Please reproduce all of the listing below exactly and drop its images.

INFORMATION PROVIDED |
'''

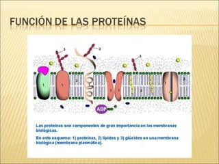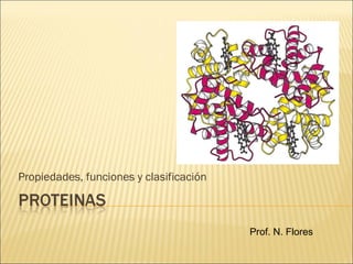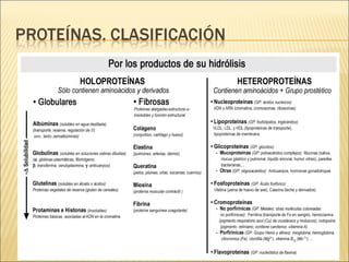 El documento aborda las propiedades, funciones y clasificación de las proteínas, destacando su solubilidad y desnaturalización, así como su especificidad funcional y de especie. Se menciona que las proteínas son esenciales para diversas funciones biológicas y su estructura puede verse afectada por factores como la temperatura y el pH. También se discuten ejemplos específicos de proteínas y su relevancia en procesos biológicos y enfermedades.
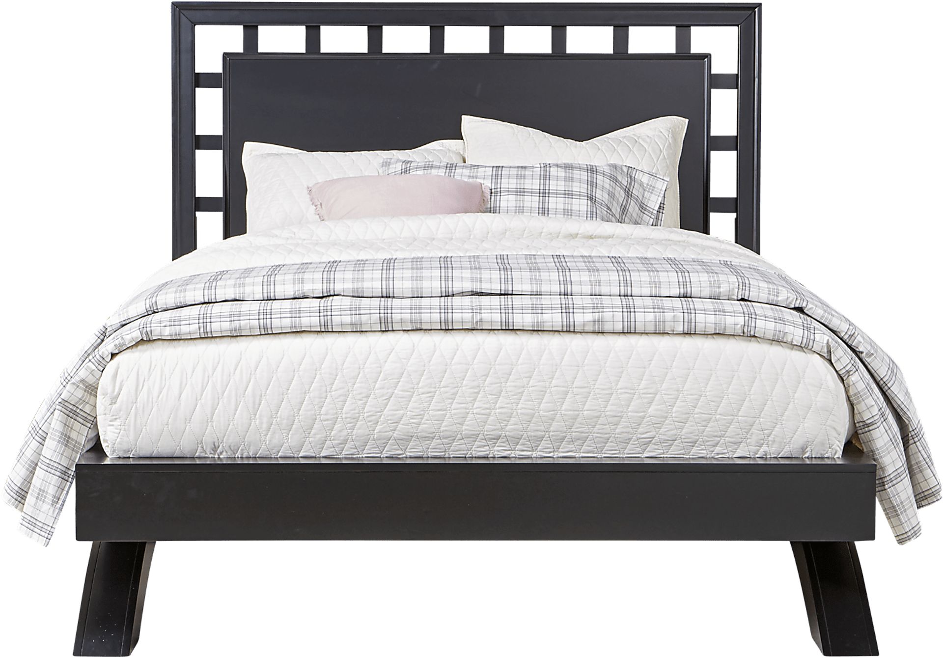The sleek Belcourt bed is perfect for those who appreciate contemporary design. Rich in visual appeal, it has a lattice style headboard and dramatic arched base for a clean, open look. Crafted with wood solids, the bed is completed with a rich black finish. This bed requires a mattress only, no boxspring is needed. Mattress and foundation (if required) sold separately. Bed shown is queen size. Bed board required for mattress support.
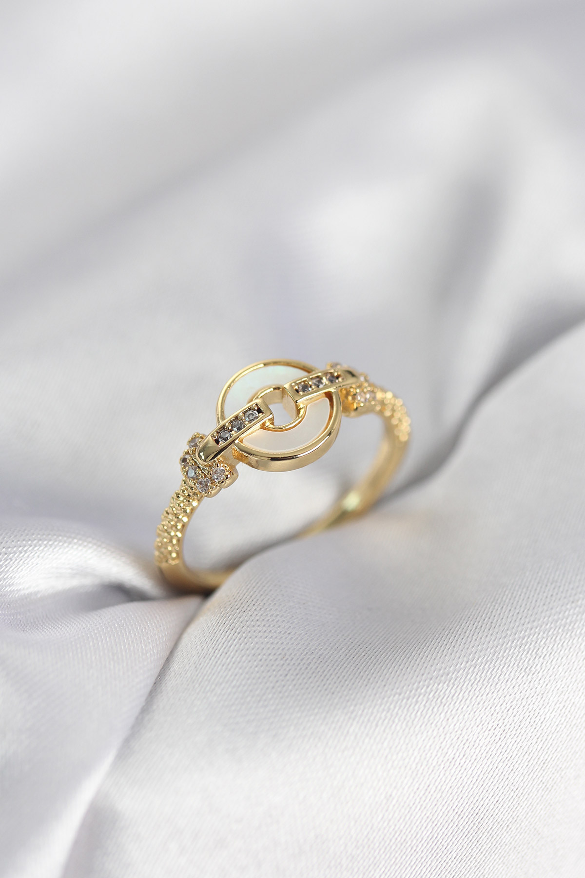 Gold Renk Daire Form Sedef ve Zirkon Taşlı Kadın Yüzük - TJ-BYK4003

'''

EXERCISE RESPONSE |
 El documento aborda las propiedades, funciones y clasificación de las proteínas, destacando su solubilidad y desnaturalización, así como su especificidad funcional y de especie. Se menciona que las proteínas son esenciales para diversas funciones biológicas y su estructura puede verse afectada por factores como la temperatura y el pH. También se discuten ejemplos específicos de proteínas y su relevancia en procesos biológicos y enfermedades.
The sleek Belcourt bed is perfect for those who appreciate contemporary design. Rich in visual appeal, it has a lattice style headboard and dramatic arched base for a clean, open look. Crafted with wood solids, the bed is completed with a rich black finish. This bed requires a mattress only, no boxspring is needed. Mattress and foundation (if required) sold separately. Bed shown is queen size. Bed board required for mattress support.
 Gold Renk Daire Form Sedef ve Zirkon Taşlı Kadın Yüzük - TJ-BYK4003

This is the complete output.